Back at the start of the summer, in my Approaching Stanford form, I was asked to write down my academic goals for my Stanford career, among other anticipations and aspirations. All of a sudden, the imagination of a future full of hopes and opportunities replaced the dullness of senior spring. There was so much to think about. I remember writing long paragraphs, cutting them to be exactly 4000 characters, the word limit of the response, just like I had for my college application essays and high school essays in my relentless pursuit for perfection.
Among what I cut was my love for reading and other details I considered too “trivial” to include. What I kept were phrases like “learning computer science and data science,” “the intersection between big data and psychology” and “using computational models to formalize mental ones.” Nothing was wrong — except that I did not know the meaning behind the buzzwords that I jotted down. Back then, I had no idea what “computer science” entailed, nor did I understand what “data science” and “big data” were. They were just words that everyone else around me used: what my parents said was trending, what statistics had shown to yield lucrative careers and, of course, what my future school, Stanford, embodied. I would be going to a school known for its innovative research in the tech world, and I desperately needed to reinvent myself to be more “fit” for Stanford.
Over the summer, I learned about SLE and its amazing community, but I did not sign up, thinking that in a trajectory of change and continuity, college should be about change — about exploration into unfamiliar areas instead of repeating old interests. To prepare myself for transformation, I started teaching myself coding, learning Python from scratch. From one YouTube tutorial to another, from Code Academy to EdX’s CS50, alien ideas like “for loop” and “if statements” became less cryptic. I came to believe that I was a step closer to selling out.
When asked about what major I would pursue, I would answer Symbolic Systems: the perfect combination of STEM and the humanities. But when asked about what the major was about, I was silent and had to awkwardly pull up the SYMSYS website and recite the introduction. Most of the time, others were still confused, and so was I. Nevertheless, what I had planned for myself on my sell-out journey seemed more than reasonable, so I continued on.
Last fall, I found myself immersed in a new world of bits, images and matrices, with my past self eluding me.

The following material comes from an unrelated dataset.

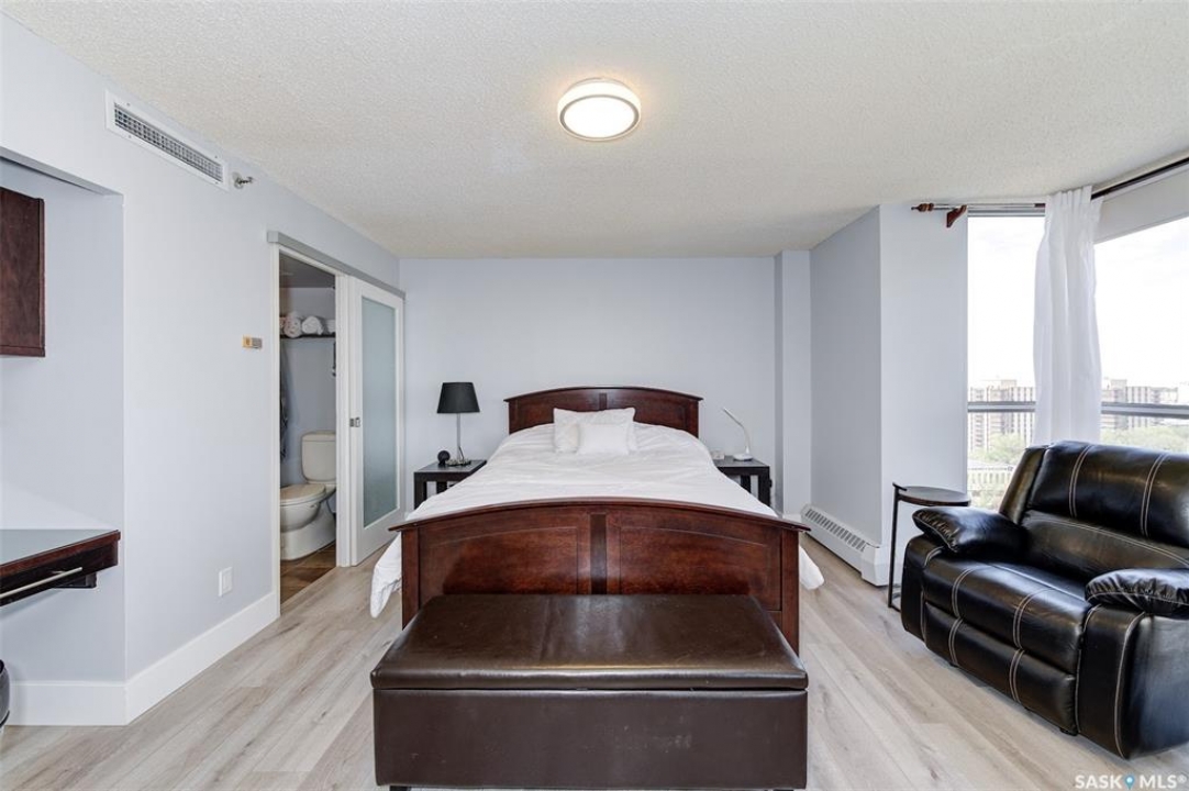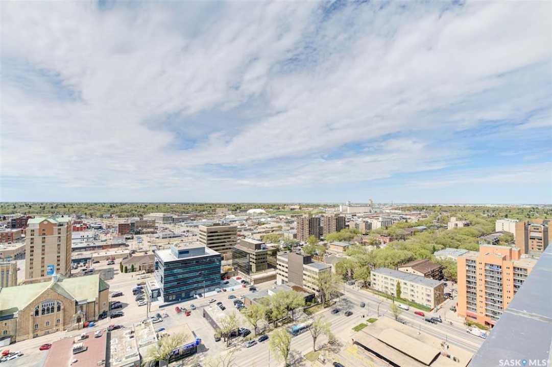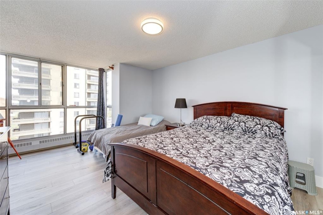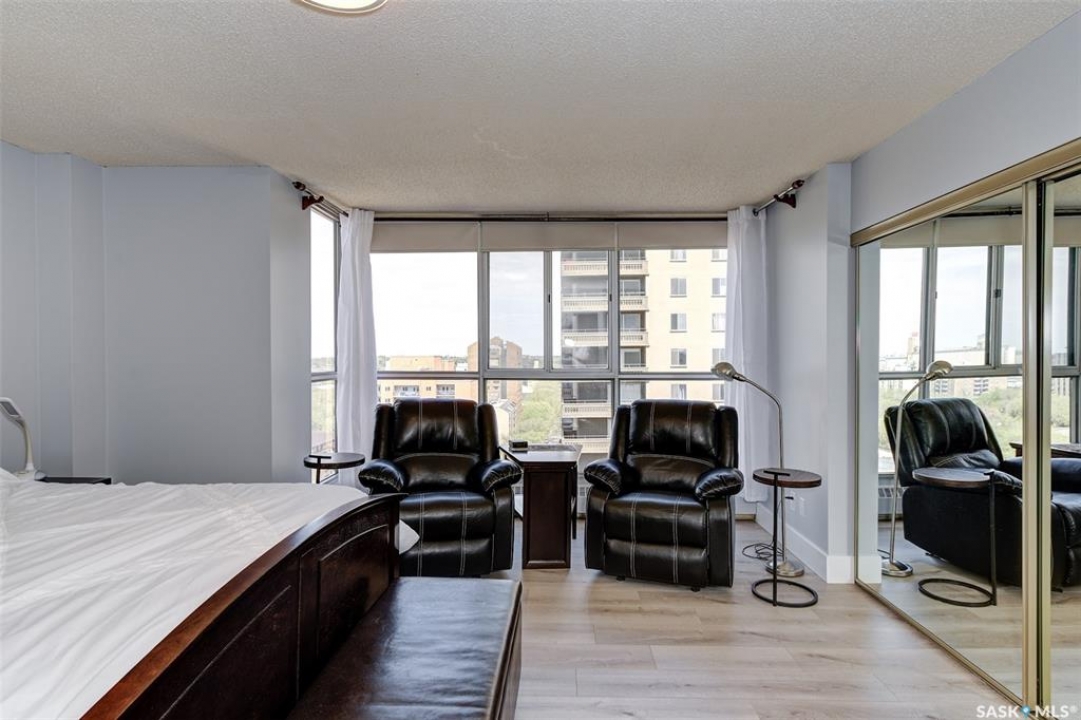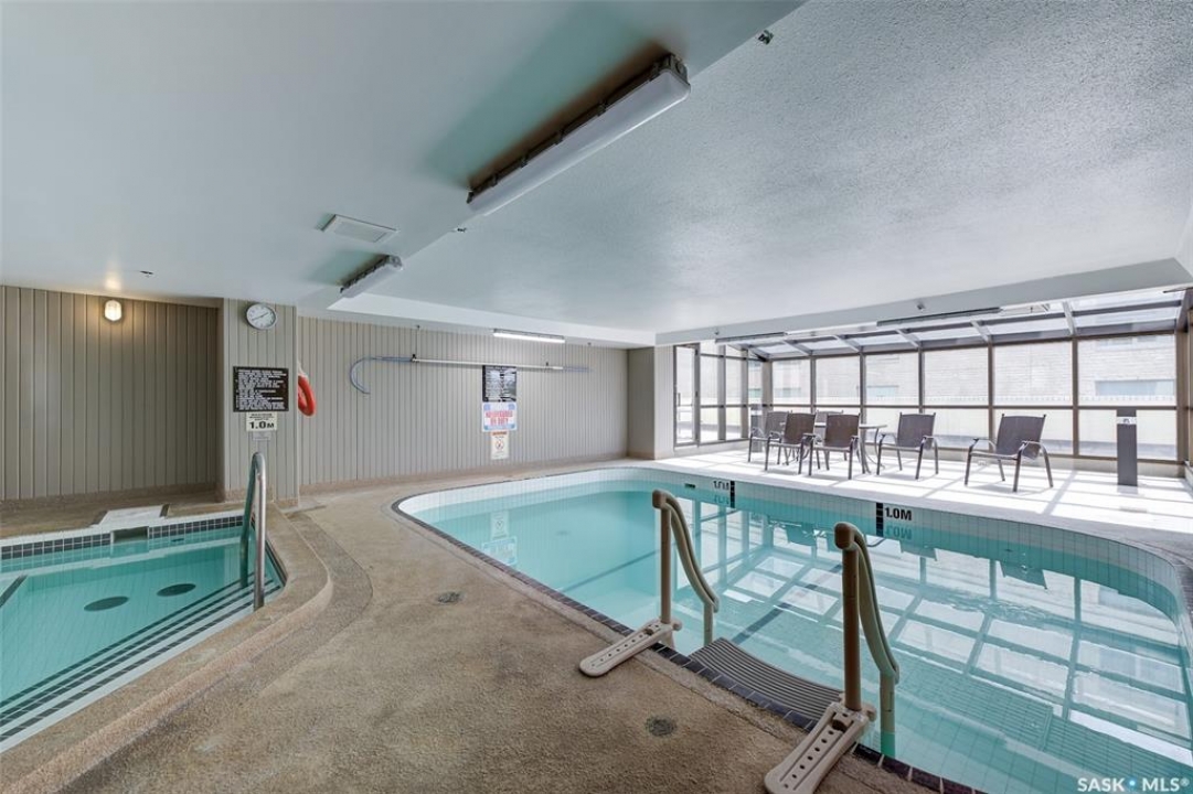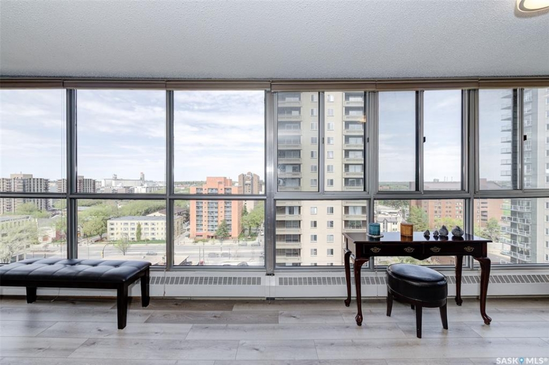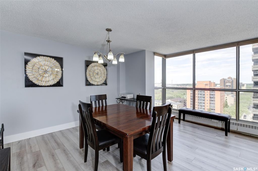 ALL UTILITIES INCLUDED IN CONDO FEES! Incredible price for this amount of Square Footage and building ammenities. Welcome to the Terrace on 5th Ave. Location, location, location!! Within walking distance to River, U of S, hospitals, trendy downtown shops, restaurants and anything else you need! You'll love living in the prestigious Terrace, this solid concrete building features a pool, hot tub, saunas, 4th floor patio, amenities room, guest suite, live-in building manager and stunning Roof Top Balcony-a must see!! Enjoy your summer nights on the roof for beautiful sunsets, Canada Day fireworks, music from the Jazz festival and much more (ask your agent to view it for yourself). This rare and unique 2 storey condo on the 14th and 15th floor. Main level features open concept living and dining room and beautiful dark maple kitchen with granite countertops, tile backsplash and floors, stainless steel appliances and walk-in pantry. Main floor entrance features a large foyer with convenient half bathroom. Main floor also has floor to ceiling windows with custom blinds that open from the top and bottom, allowing for plenty of privacy and stunning North facing City views. The North facing view is perfect for tons of natural light but no direct sunlight, which will keep your home nice and cool, never having to close the blinds during those hot summer days! Open staircase with iron railings leads up to 2nd level with 2nd door exiting to the hall on the 15th floor-perfect for moving in and wheelchair friendly! 2nd floor features large master suite with spa like ensuite. Both bathrooms are renovated with beautiful tile work and trendy barn style doors. Very large 2nd bedroom and laundry closet complete the 2nd level. With rising costs of utilities, you can feel at ease with all those costs built into your condo fees! You have to see this one for yourself, call today! Have your own 2 storey home 14 floors up!

Lost in the ocean of problem sets, I found something missing in my education; the same burst of emotions I had felt when I came across beautiful, powerful texts was now gone, replaced by the, although satisfying, ultimately temporary joy of finishing daily assignments. I realized I had not read for fun in a very long time. While one part of my brain was doing busy calculations and reasoning through codes, the other one — the one capable of aesthetic appreciation and abstract thinking — remained stagnant, unused, and forgotten. Amidst freshmen sickness and imminent deadlines week after week, I became the Stanford imposter, slowly blending into my larger environment but losing my sense of identity, forgetting the things that I wrote about that made me “excited about learning” in my Stanford application.
My promises to relive happy memories of leading my high school newspaper, literary magazine and other publications by writing for the Daily were inundated by my excuses to finish problem sets. “Writing for the Daily” and “reading” remained unchecked on the top of my to-do lists for months. Excuses and avoidance devoured motivation. The emptiness that I felt led me to introspection.
I needed literature in my life. Years of humanities education in high school were not enough. What I had learned about South Africa, Latin America, Revolution and the Atlantic World, fascism and border politics did not mean I was educated enough; instead it only made me hungrier for knowledge in the pursuit for global justice. What I had read about feminism, modernism and dystopian imaginations could not suffice. No matter how much I had read them, there was always more depth to Virginia Woolf’s exploration of consciousness and T.S. Eliot’s poetics that remained hidden.
Winter quarter, I transformed. Unlike fall quarter, I spent time looking for classes with descriptions that excited me, not just ones that could fulfill requirements. Taking only those classes that interested me, I picked up reading again, this time both for class and for fun. Starting from the ideas that I was introduced to in class, I decided to dig deeper, understanding concepts like cognitive biases, personality change and continuity, and machine learning in data science to understand and not memorize. To learn, not check off boxes on the list of prerequisites for a major. To explore my curiosities, not conform to what everyone else is learning.
The path for my education, as I now envision, is neither a straight continuity from my journeys in high school nor a complete swerve from what I had been doing. The path is and will be long, with twists and turns, but it will be mine.
As I find each of the topics that I learn connecting with one another, with theories of consciousness in “Literature and the Brain” informing topics in “Minds and Machines,” and hands-on application of machine learning in “Data Science” complementing my introduction to machine learning in SYMSYS 1, I realize now that I have come full circle. The quest so far has taken me to where I first started. But this time, I can give a better explanation to what the seemingly cryptic name “Symbolic Systems” entails because now I am learning for myself, free from other factors.
My sell-out journey did not succeed, but I dropped it voluntarily to pursue my own path. Selling out failed, but freedom will triumph.